2 thoughts on “How The Democrats Could Win

  1. “At the risk of helping the opposition, it is an interesting thought experiment to see what I’d do if I were advising the Democrats for 2004”

    Have no fear. They won’t (or can’t) make that many changes in time. Their leftward momentum has been building up for too long; their psychopathic hatred for all things Bush can’t be cured in time. They are in denial about both of these two self-destructive elements, fueled as they are by Hollywood and the major media, whom they believe represent popular opinion. Did I hear someone say “Dynasty”?

  2. You make a couple reasonable points. The Dems only chance to win is by fielding a candidate perceived as a “moderate.” A moderate head of state is always preferable to an ideologue. Although I personally admire Paul Wellstone and Ralph Nader and am eternally grateful for their desperately-needed presence in the political system, I would prefer a President from the Bill Clinton cloth who can operate from the center where less damage is likely to be done. With that said, the fringe right can do more damage in four years than the fringe left could in 40 years, as the Bush regime proves everyday.

    The economy could very well improve by next year, but keep in mind the job market (which is the last place a bad economy sees improvement) is still likely to be shedding jobs in November 2004 even if the economic growth indicators start going up tomorrow. The 1990-91 recession was statistically over at this point in 1991, but 18 months later, Clinton was still able to make the bad economy a winning issue because the upturn was not yet felt on Main Street. Furthermore, Bush 43’s method of “stimulus” is likely to be an even worse approach than his dad’s doing nothing. There is no chance that his latest tax giveaway in its present package will contribute to any economic stimulus. It can only stymie a recovery in the works by forcing otherwise unnecessary interest rate hikes.
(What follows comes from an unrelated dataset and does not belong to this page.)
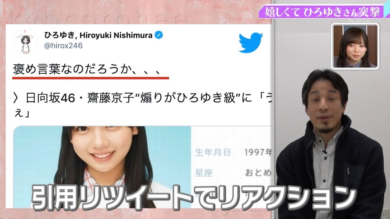 反応みるにやっぱ上の年齢のおひさまはlivedoorとか2chの印象があって否定的で、そこそこの世代のおひさまには世間を切るコメンテーター的な感じで肯定的、それより下の世代はひろゆきが誰かも知らないって感じで評価が別れてて面白いな

    Ideally, the media (and the gracious contributions of administration hacks like Paul Wolfowitz) will make the Dems job of exposing Bush as the traitorous liar he is by keeping the heat on the manufactured evidence he used to justify war. As shallow and the American public is, a consistent spotlight on a President lying to justify starting a war will eventually get to some people. But you’re right that the Dems won’t be able to get away with the finger-pointing themselves.

    Similarly, the tax cut issue is also likely to resonate with a few more people in 2004 than 1984 because the consequences of 1984 are hard to dispute. Bush’s attempts to replicate those ruinous years are not playing very well, with only 32 percent of Americans favoring current tax cuts. With these tax cuts geared almost exclusively to millionaire investors, the Dems could have a shot at calling for their revokation with the budget being what it is and so few people seeing anything personally from their childrens’ money being doled out.

    As for the Gephardt health plan, it has its flaws but is considerably more conducive to a better America than anything Bush is proposing. In fact, revoking the tax cut and funneling the money into corporate tax breaks designated for health care funding seems to be a twofold recipe for long-term economic solvency. It makes universal health care ultimately free to business interests, and it lifts the ever-increasing health care cost burden off of business, a current cost of business that is fast spiraling out of control and showing no signs of retreat. Just like the deficit, Republicans are content to ignore the rising costs of health care and how it, and perennial deficits, threaten to bankrupt the country long before Social Security gets the chance to.

    Ultimately, any proactive agenda the Dems embrace must include revokation of budget-busting tax cuts. Politically popular or not, the country is handcuffed under current tax policy, which is exactly the way George Bush wants it. It wouldn’t hurt for the Dems to spell that out to Americans as well….his attempts to tax cut and military-spend the country bankrupt isn’t the product of numerical and strategical incompetence, it’s a calculated plot to bankrupt all the social spending that they, their children, their neighbors, and their parents depend upon. The politics of fear often sells, and when going up against ruthless slime of this caliber, rightfully so.